The bank pointed out that the sporting goods industry has “relevant sourcing exposure” in Vietnam.

“In the case of Adidas, this represents 43% of footwear volumes, 19% in the case of apparel products (28% in total),” he said. “Overall, this drop in Nike’s forecast could also prompt Adidas to downgrade its targets for 2021.”

Adidas company history

The history of the company dates back to a small town in Bavaria, Germany, in 1924. It was the home of Adi Dassler, who established a small shoe factory with the aim of providing athletes with the best possible equipment. . His brother Rudolf got involved in the business before he left to found rival Puma, which is another well-known brand today.

Adidas, which has been synonymous with displaying three stripes as a logo, has had its products worn by a series of sports heroes. For example, in the late 1960s German footballer Franz Beckenbauer was pictured wearing an Adidas tracksuit and sneakers.
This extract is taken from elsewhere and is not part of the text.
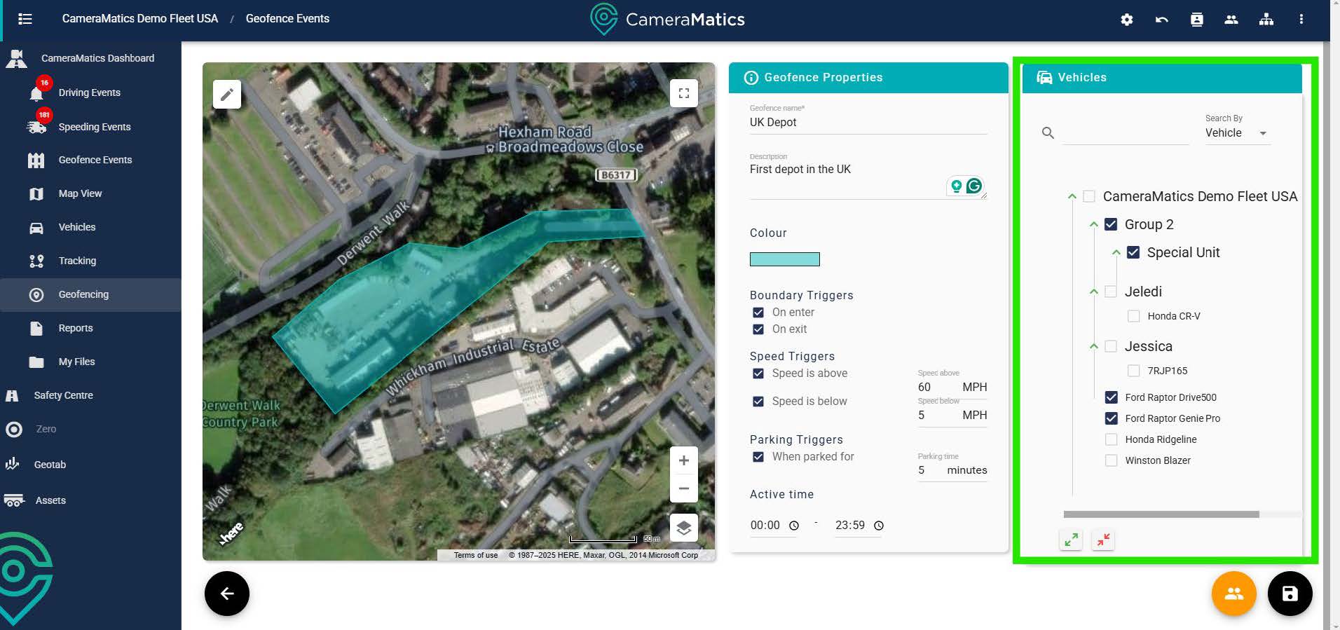 To the right, the structure of the company’s groups is displayed. You can either select a whole group or you can select individual vehicles to trigger geofence events. Of course, you can select the entire fleet by selecting the top group.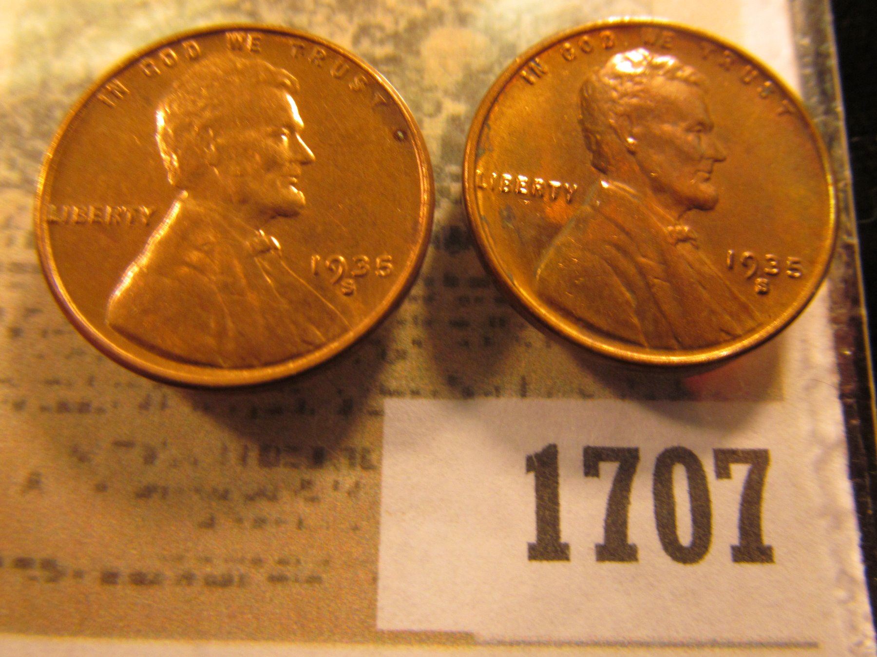 1707 _ Pair of 1935 S Lincoln Cents, Brilliant Red-brown Uncirculated.

Adi Dassler died in September 1978, shortly before he was 78. Adi’s wife, Käthe, with the support of her son Horst, took over. The company continued to consolidate its reputation as a leader in what has become a growing sports and leisurewear industry over the following decades.

Edited by Jekaterina Drozdovica


The current 12-month average price target for the company is € 322.65. The highest is € 375 per share, while the lowest is € 255 per share.

The company has reported increased sales as the world reopens after Covid-19 lockdowns. He also announced that he was selling Reebok.

Data from MarketBeat suggests that analysts’ current 12-month average price target for the stock is € 322.65, suggesting 18% upside potential from the current stock price of 272. € 70. The highest is € 375 per share, while the lowest is € 255 per share.

Note that analysts are wrong in their predictions. It is essential that you do your own research to form an opinion on how well a business is performing and how likely it is to achieve goals. Remember that markets are volatile and past performance of the stock is no guarantee of future gains.